Quick Answer: Tricyclic antidepressants (TCAs) cause arrhythmias primarily through their potent sodium channel blockade, which slows cardiac conduction and can lead to life-threatening ventricular arrhythmias like torsades de pointes. This effect is dose-dependent, with overdose cases showing QRS widening >100 ms correlating with increased seizure and arrhythmia risk. TCAs also inhibit potassium channels, prolonging the QT interval, and block alpha-1 adrenergic receptors, causing hypotension that exacerbates cardiac ischemia. Their anticholinergic properties further increase heart rate, creating a pro-arrhythmic state through multiple mechanisms.

Key Facts

TCAs block cardiac sodium channels, slowing phase 0 depolarization and increasing QRS duration by >100 ms in overdose
TCA overdose mortality rates reach 2-3% primarily due to cardiac complications including ventricular tachycardia
Amitriptyline, a common TCA, has a therapeutic index of only 10-20, making overdose particularly dangerous
TCAs prolong QT interval by 30-60 ms through potassium channel blockade, increasing torsades de pointes risk
TCA cardiotoxicity accounts for approximately 15% of antidepressant-related emergency department visits

Overview

Tricyclic antidepressants (TCAs) were first developed in the 1950s and became widely prescribed for depression through the 1960s-1980s, with imipramine introduced in 1957 and amitriptyline in 1961. These medications revolutionized depression treatment but were gradually replaced by SSRIs after fluoxetine's 1987 approval due to TCAs' significant side effect profile. TCAs work by inhibiting serotonin and norepinephrine reuptake, but their broader receptor interactions cause numerous adverse effects. Cardiac toxicity emerged as a major concern, with TCA overdose becoming a leading cause of fatal drug poisoning in the 1970s-1990s. The American Heart Association's 2010 guidelines specifically address TCA cardiotoxicity management, reflecting decades of clinical experience with these dangerous but historically important medications.

How It Works

TCAs cause arrhythmias through four primary mechanisms working simultaneously.
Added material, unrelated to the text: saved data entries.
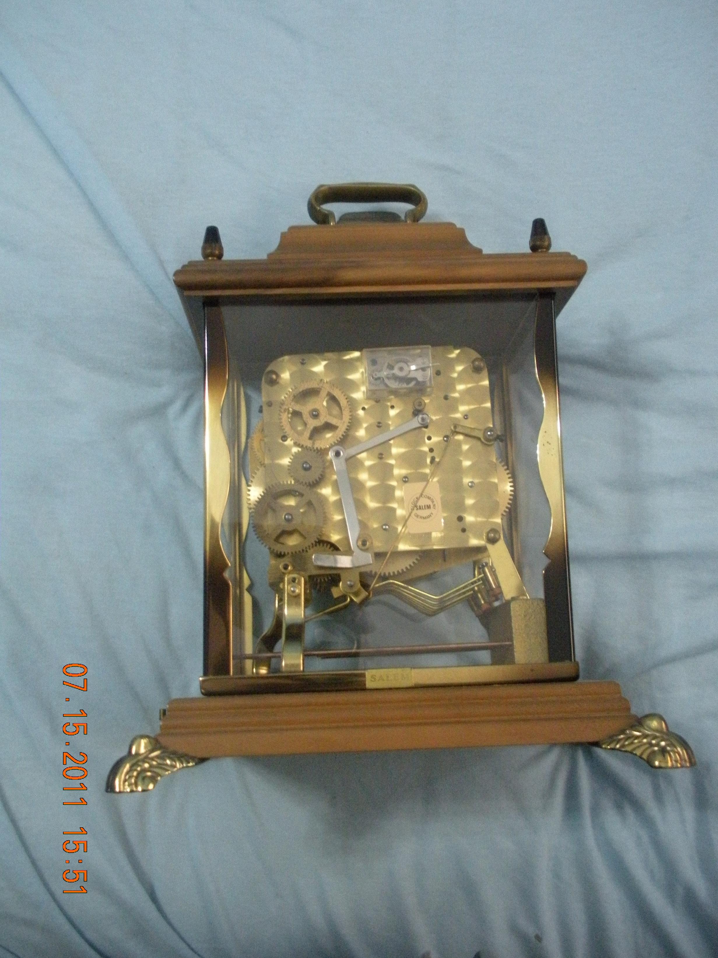 i dont know much ... its made of brass, wood and glass... The tag on the back says SALEM CLOCK GERMANY and inscribed below the tag in the brass is "Seven(7)Jewel"  its a musical clock with four settings.silent; St micel; whittingt; westm... im not even sure how to wind it up or anything
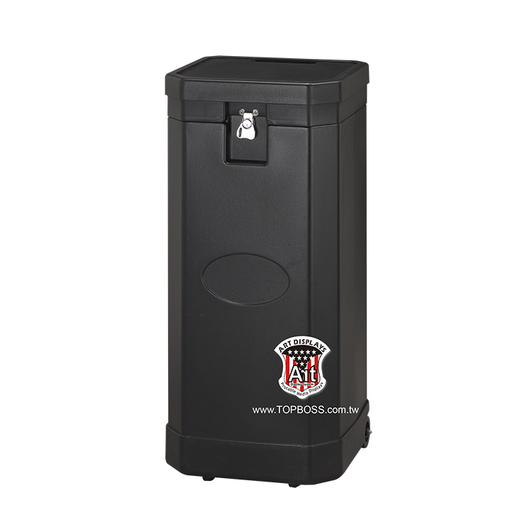 產品特性︰利用一個帶輪多功能航空拉桿包,加上膠板加工而成簡易形櫃台,桌板收起時可置入拉桿包,節省攜帶之空間,畫面可用輸出方式或卡點西得加工。
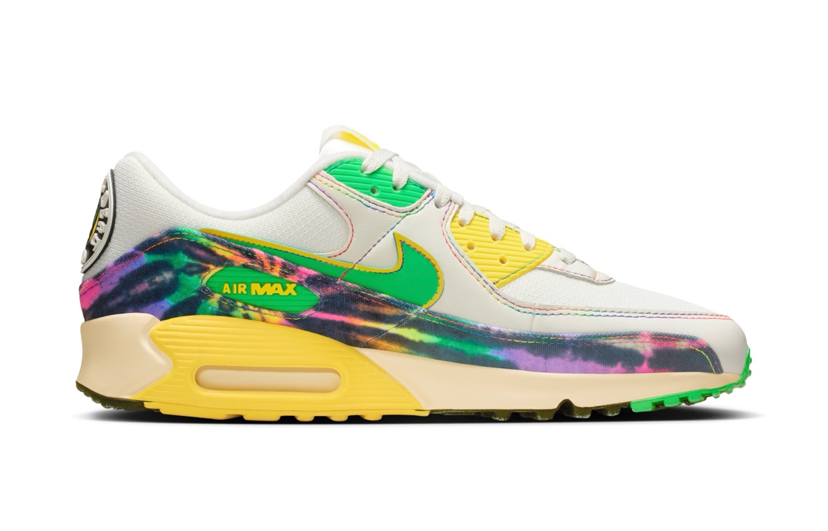 ヒッピー・サイケデリック文化の代名詞的ロックバンド「Grateful Dead(グレイトフル・デッド)」と、ナイキの創業者フィル・ナイトの母校でも知られるオレゴン大学(University of Oregon)のチーム「Oregon Ducks(オレゴン・ダックス)」、米スポーツブランド「Nike(ナイキ)」によるコラボスニーカー Air Max 90 “Grateful Ducks”が、現地時間2025年10月24日に発売予定
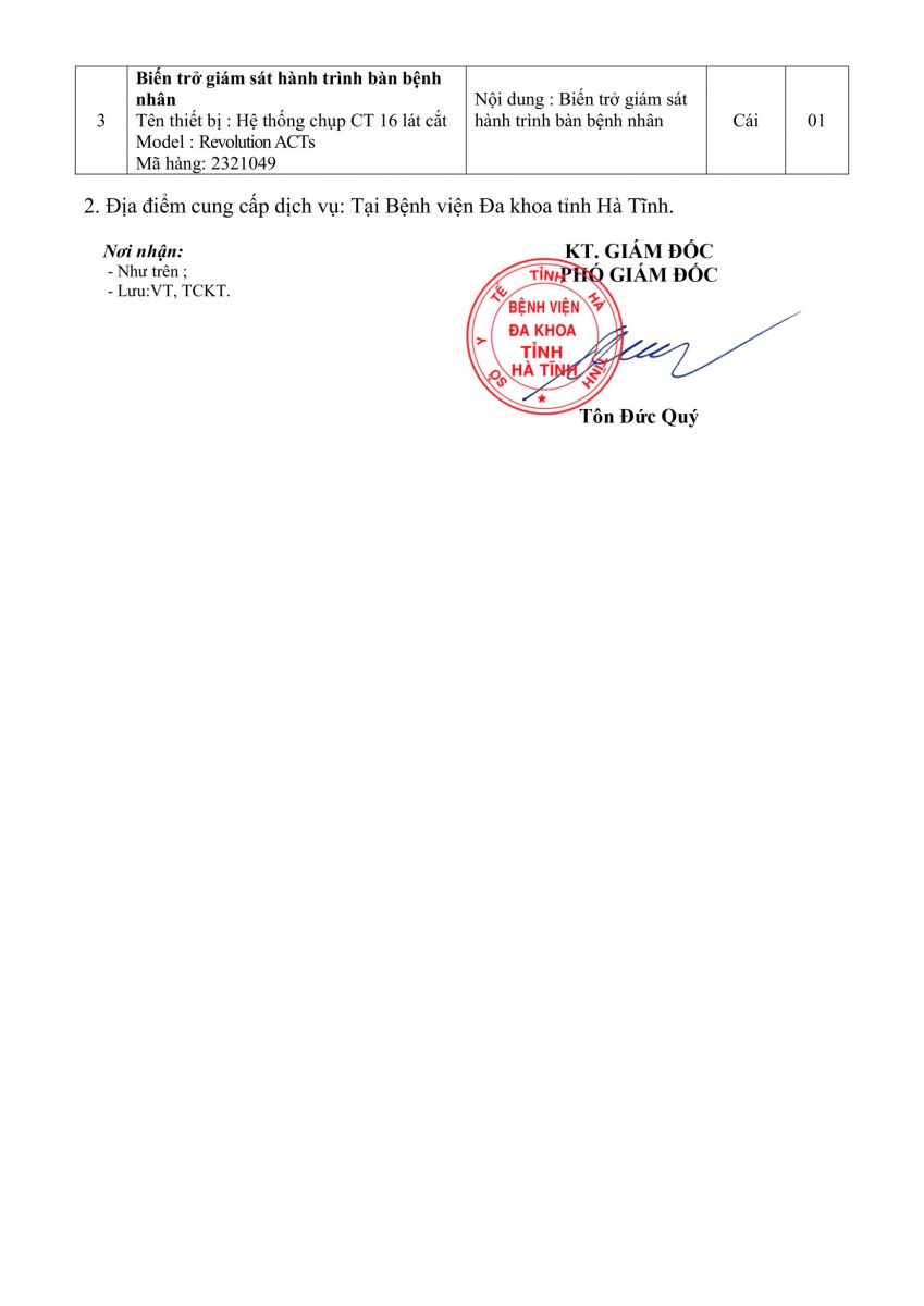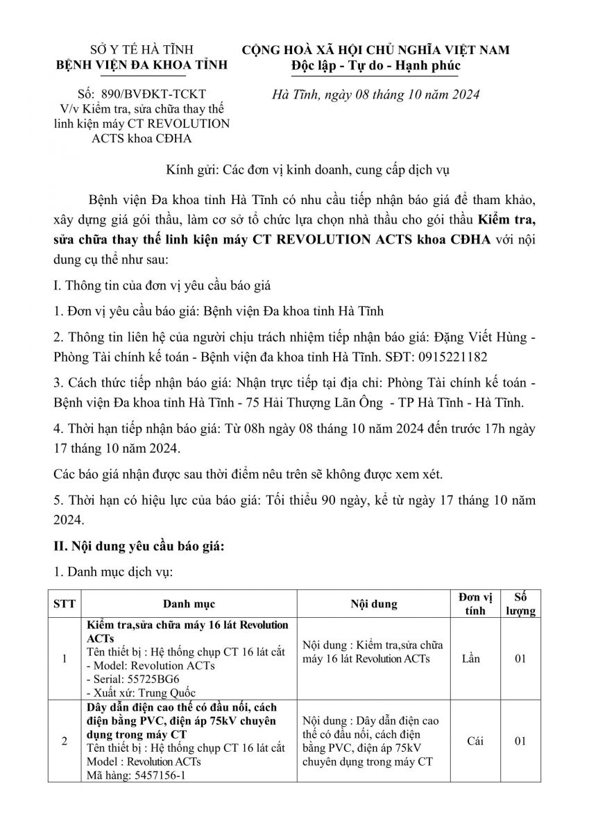 Bệnh viện Đa khoa tỉnh Hà Tĩnh có nhu cầu tiếp nhận báo giá để tham khảo, xây dựng giá gói thầu, làm cơ sở tổ chức lựa chọn nhà thầu cho gói thầu Kiểm tra, sửa chữa thay thế linh kiện máy CT REVOLUTION ACTS khoa CĐHA với nội dung cụ thể như sau:

First, they block fast sodium channels in cardiac myocytes, slowing phase 0 depolarization and ventricular conduction, which manifests as QRS widening on ECG. This sodium channel blockade is concentration-dependent and creates a type Ia antiarrhythmic effect that paradoxically causes arrhythmias at toxic levels. Second, TCAs inhibit delayed rectifier potassium channels (IKr), prolonging cardiac repolarization and the QT interval, increasing risk of torsades de pointes. Third, they block alpha-1 adrenergic receptors, causing peripheral vasodilation and hypotension that reduces coronary perfusion. Fourth, their anticholinergic properties increase heart rate through vagolytic effects, while also causing sinus tachycardia. These combined effects create a perfect storm for arrhythmogenesis, particularly in overdose situations where plasma concentrations exceed therapeutic levels by 10-100 times.

Why It Matters

TCA-induced arrhythmias remain clinically significant despite decreased prescribing because these medications are still used for neuropathic pain, migraine prevention, and treatment-resistant depression. Approximately 1-2% of antidepressant prescriptions in the US are for TCAs, representing thousands of at-risk patients annually. Emergency physicians must recognize TCA toxicity quickly, as mortality rates approach 70% once cardiac arrest occurs. The development of sodium bicarbonate as a specific antidote in the 1980s reduced mortality from 15% to 2-3% by counteracting sodium channel blockade. Understanding TCA cardiotoxicity also informs safer antidepressant development and highlights the importance of therapeutic drug monitoring, with recommended plasma levels of 100-300 ng/mL for most TCAs to balance efficacy and safety.